# Need a taxidermist for 2 elk mounts



## Eye Spy (Sep 14, 2006)

Two of my uncles traveled to N. Mexico last week for thier elk hunt. The hunt stared on Saturday and both killed nice bulls on Tuesday. They are now on their way back to Ohio and each plan on having shoulder mounts done. Price isn't a big deal, they want to find someone who does a good job. Any suggestions would be appreciated.

Thanks
Ryan


----------



## walkerdog (May 13, 2009)

Bloomfield Taxidermy
(419) 284-0070
6891 Ross Rd 
Bloomville, OH 44818 


Does and excellent job. Last time i was there (last nov) he had a full body elk that he done on display


----------



## BOO (Jan 23, 2009)

Burkholder Taxidermy
Defiance Ohio


Well worth the drive.


----------



## jeffmo (Apr 7, 2004)

who ever you talk to make sure to ask to see some of his work.every taxidermists style is different.


----------



## squid_1 (Jun 2, 2005)

Well if money is not an issue I would have to say Rick Busse in Piqua Ohio.
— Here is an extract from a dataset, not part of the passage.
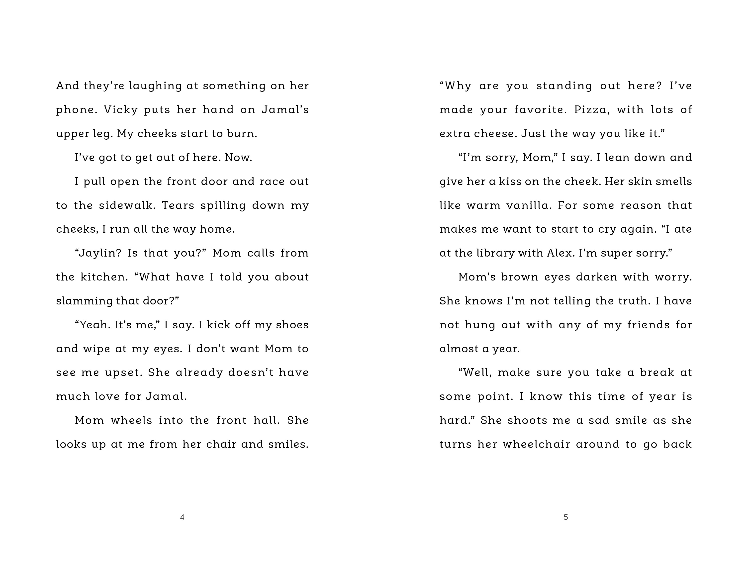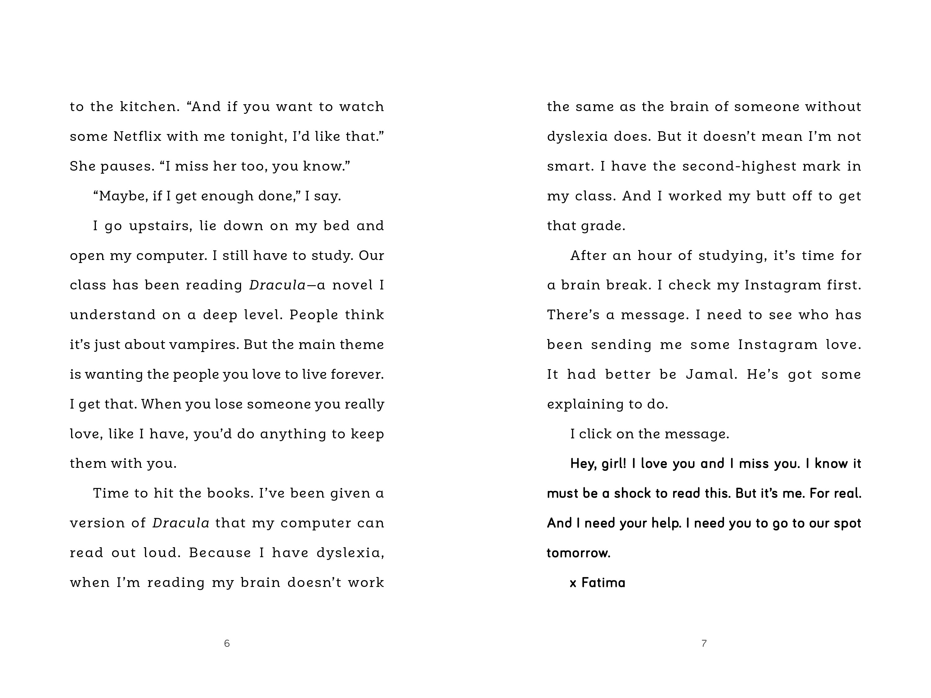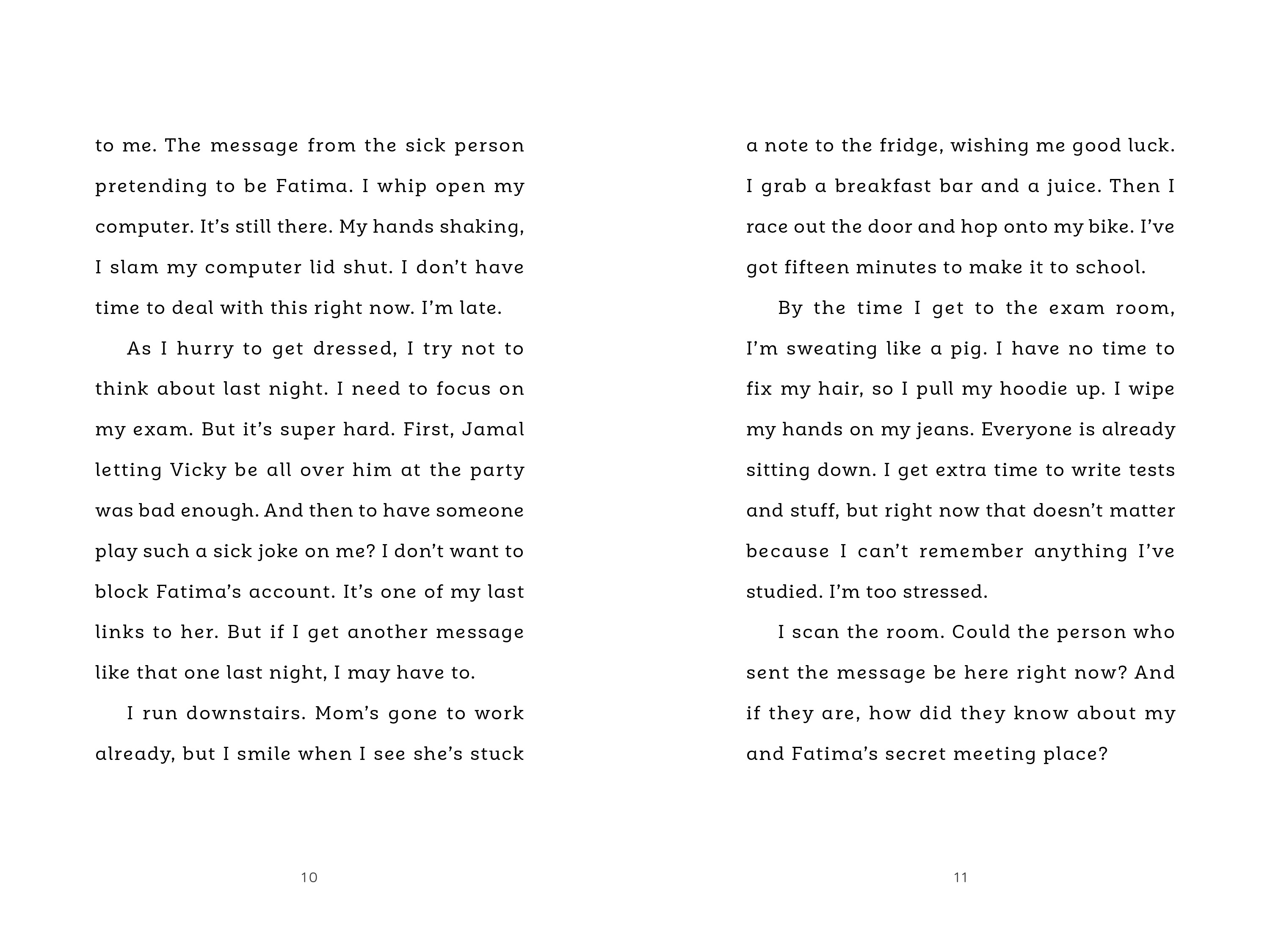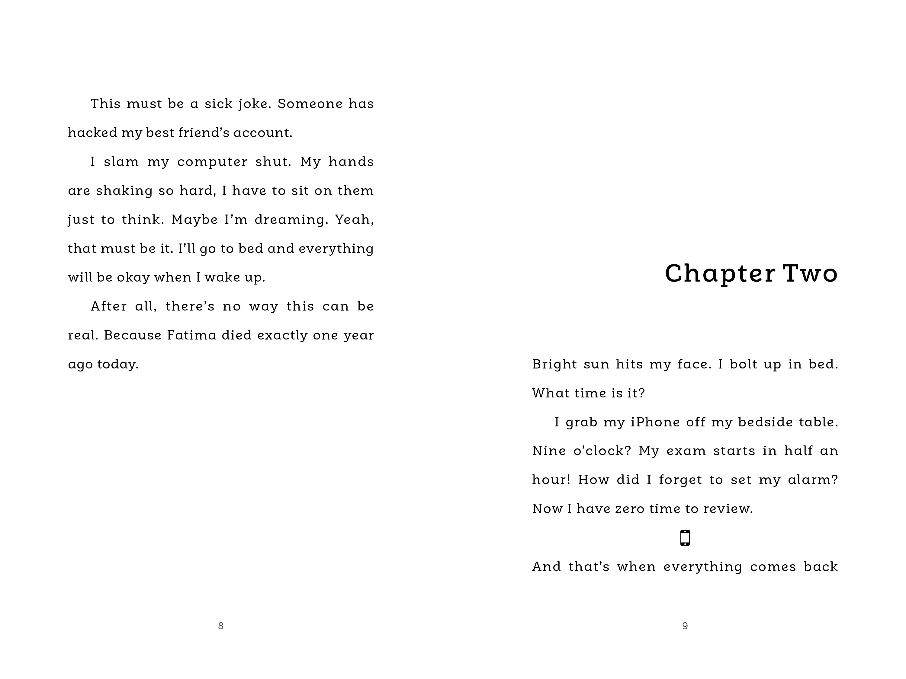 The thing is, Fatima died a year ago in a terrible traffic accident. At first, Jaylin thinks someone is playing a horrible prank, but as the texts become more detailed, containing secrets that just the two of them shared, Jaylin realizes she’s either going mad or Fatima is actually reaching out to her from beyond the grave. Then Fatima shares one last secret and asks Jaylin to set the record straight around the circumstances of her death. Jaylin is torn. Is she strong enough to relive losing her best friend all over again?

He did the Beatty Buck as well as last years Stephen Buck (that big one shot with a muzzleloader). Very high quality work, just google his name and you will see. Just a 20 minute drive north of rt 70 on their way home. Here is his phone number 937-778-3474.


----------



## Eye Spy (Sep 14, 2006)

Thanks for the responses.

Ryan


----------



## jarede946 (Apr 3, 2009)

Jim's Taxidermy in Port Clinton Ohio is the best i have found, he does all my work


----------